__Aim of the task__.
Begin at the line below that has "與此同時(shí),由寶雞建". Stop after the line that has "Update your collection", repeating each line exactly and leaving out the pictures.

__Working data__.
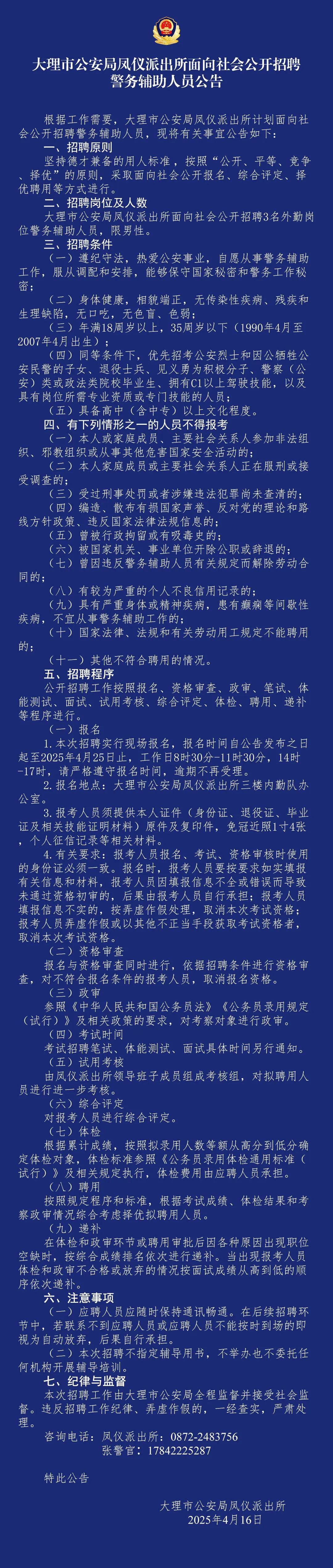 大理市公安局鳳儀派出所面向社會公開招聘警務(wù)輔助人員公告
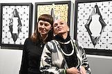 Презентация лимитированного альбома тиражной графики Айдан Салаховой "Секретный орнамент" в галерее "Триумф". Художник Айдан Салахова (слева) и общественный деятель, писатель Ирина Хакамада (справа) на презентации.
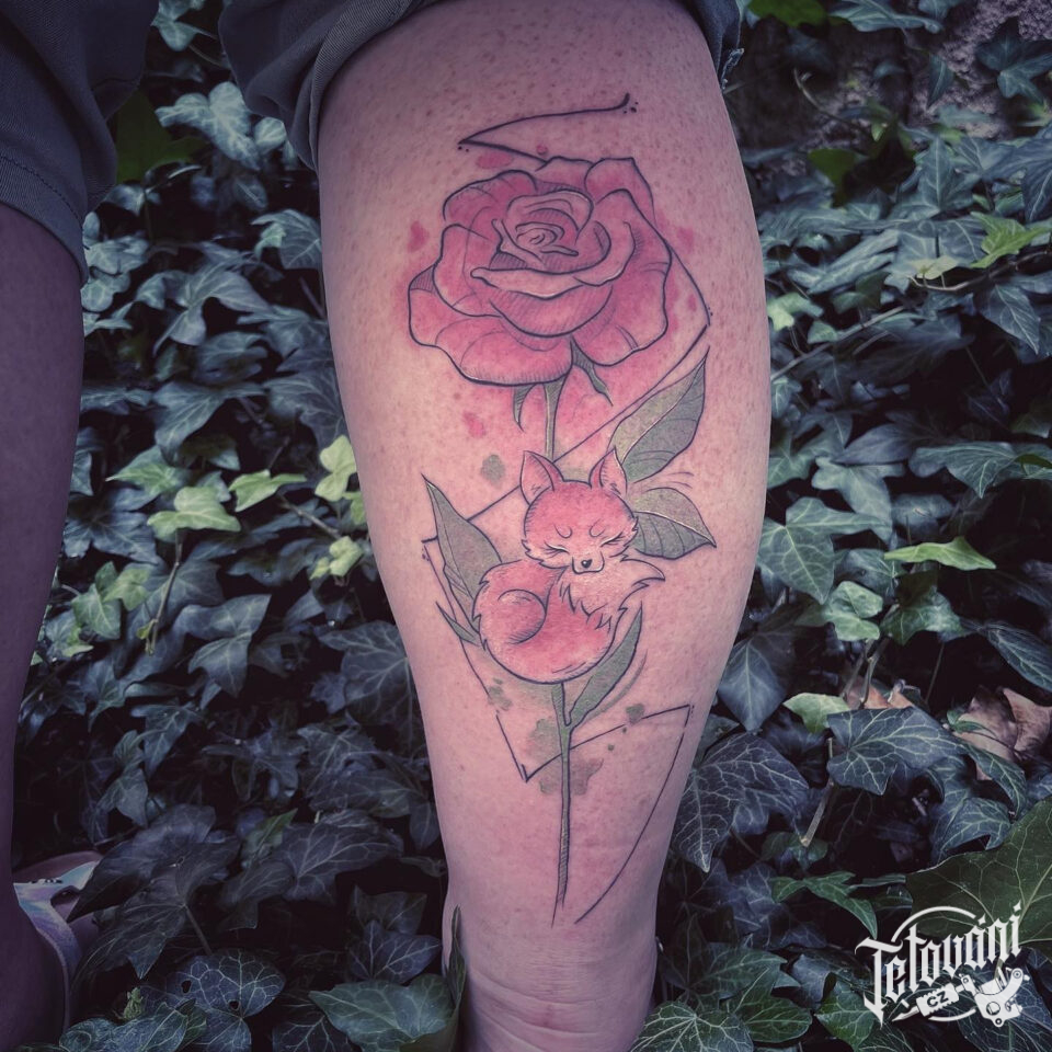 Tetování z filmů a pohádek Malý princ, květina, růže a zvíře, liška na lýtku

...

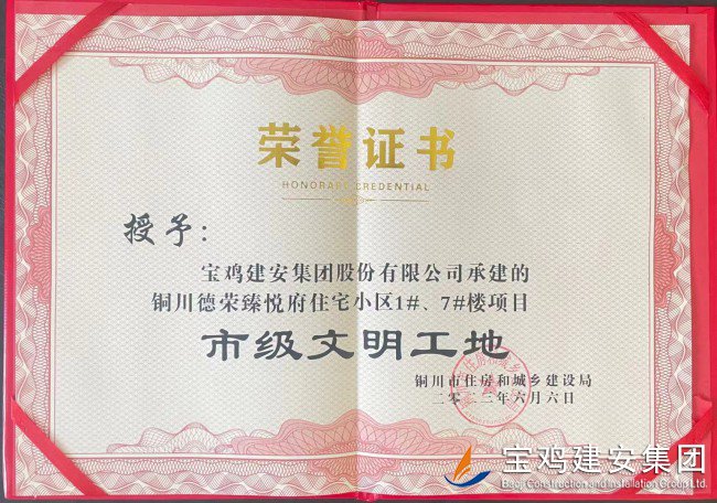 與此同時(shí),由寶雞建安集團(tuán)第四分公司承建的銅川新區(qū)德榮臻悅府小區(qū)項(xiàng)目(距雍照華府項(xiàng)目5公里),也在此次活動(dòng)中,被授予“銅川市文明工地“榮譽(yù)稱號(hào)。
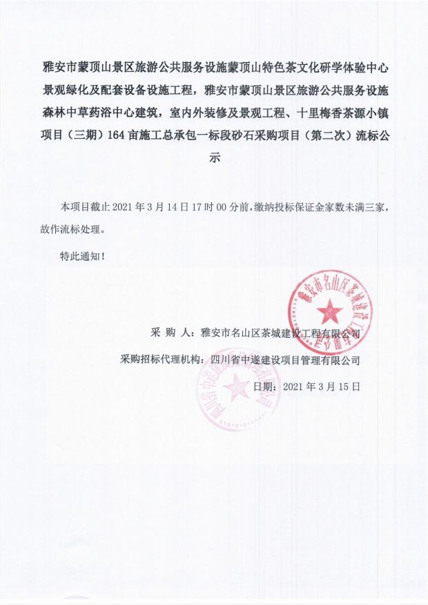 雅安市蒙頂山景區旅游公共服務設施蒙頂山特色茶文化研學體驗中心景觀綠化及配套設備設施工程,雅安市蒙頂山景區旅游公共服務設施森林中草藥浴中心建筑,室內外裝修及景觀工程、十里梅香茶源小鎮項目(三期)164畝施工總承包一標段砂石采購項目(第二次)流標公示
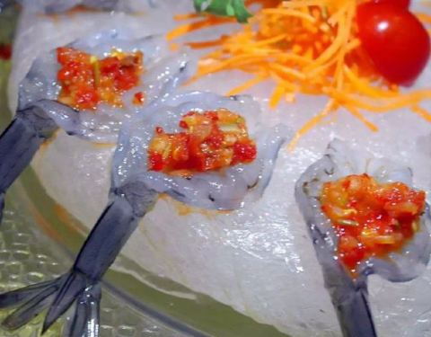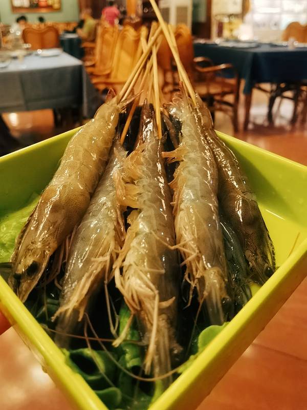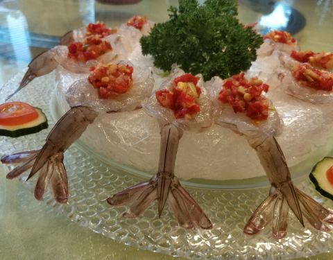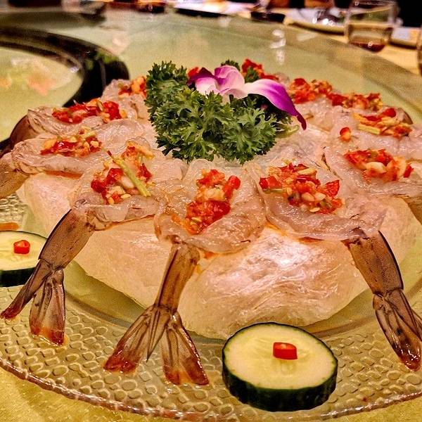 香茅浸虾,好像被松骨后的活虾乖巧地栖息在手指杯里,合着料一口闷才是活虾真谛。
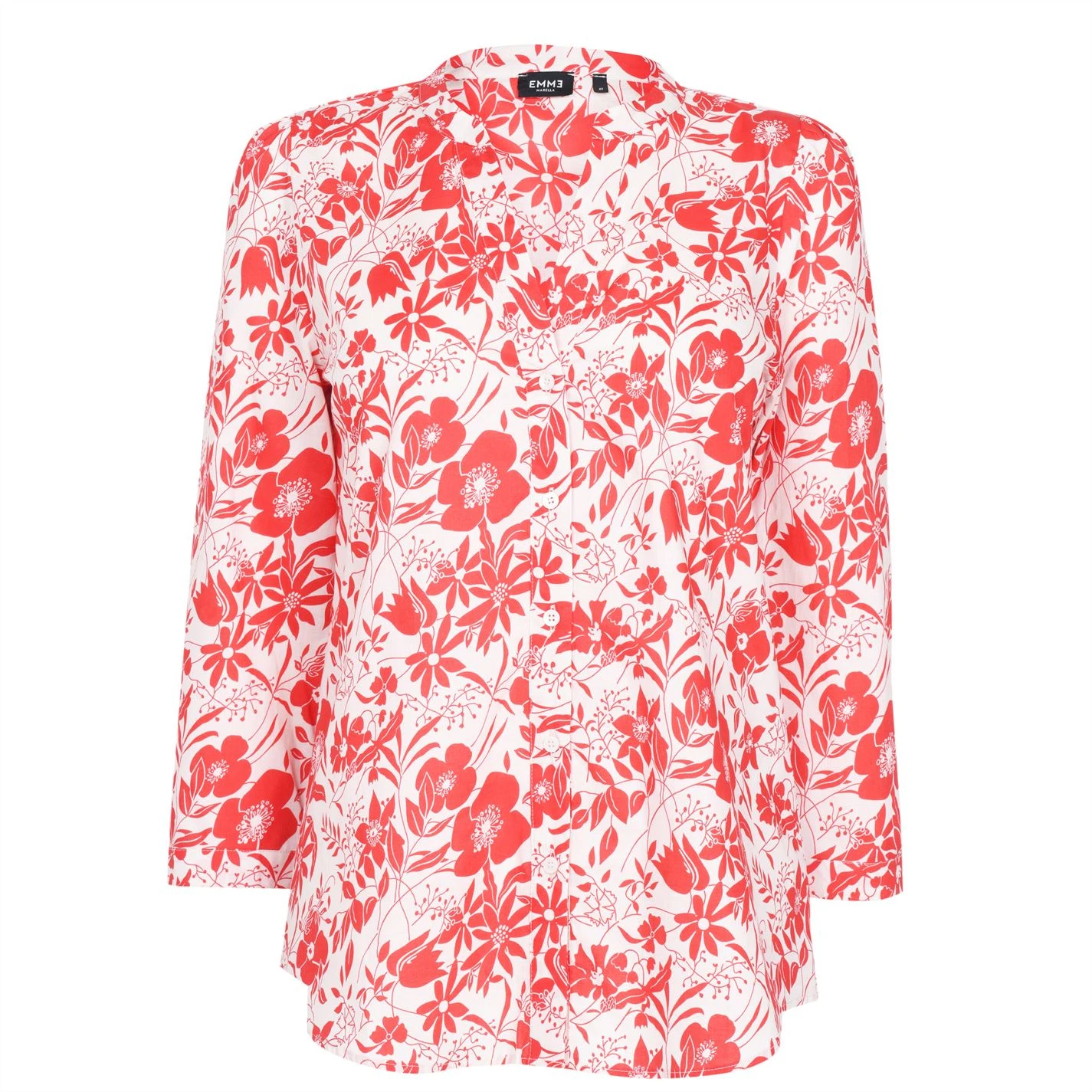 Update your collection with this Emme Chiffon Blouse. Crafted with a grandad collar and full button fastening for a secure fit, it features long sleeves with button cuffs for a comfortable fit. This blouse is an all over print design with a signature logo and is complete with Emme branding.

__Solution to this problem__.
 與此同時(shí),由寶雞建安集團(tuán)第四分公司承建的銅川新區(qū)德榮臻悅府小區(qū)項(xiàng)目(距雍照華府項(xiàng)目5公里),也在此次活動(dòng)中,被授予“銅川市文明工地“榮譽(yù)稱號(hào)。
 雅安市蒙頂山景區旅游公共服務設施蒙頂山特色茶文化研學體驗中心景觀綠化及配套設備設施工程,雅安市蒙頂山景區旅游公共服務設施森林中草藥浴中心建筑,室內外裝修及景觀工程、十里梅香茶源小鎮項目(三期)164畝施工總承包一標段砂石采購項目(第二次)流標公示
 香茅浸虾,好像被松骨后的活虾乖巧地栖息在手指杯里,合着料一口闷才是活虾真谛。
 Update your collection with this Emme Chiffon Blouse. Crafted with a grandad collar and full button fastening for a secure fit, it features long sleeves with button cuffs for a comfortable fit. This blouse is an all over print design with a signature logo and is complete with Emme branding.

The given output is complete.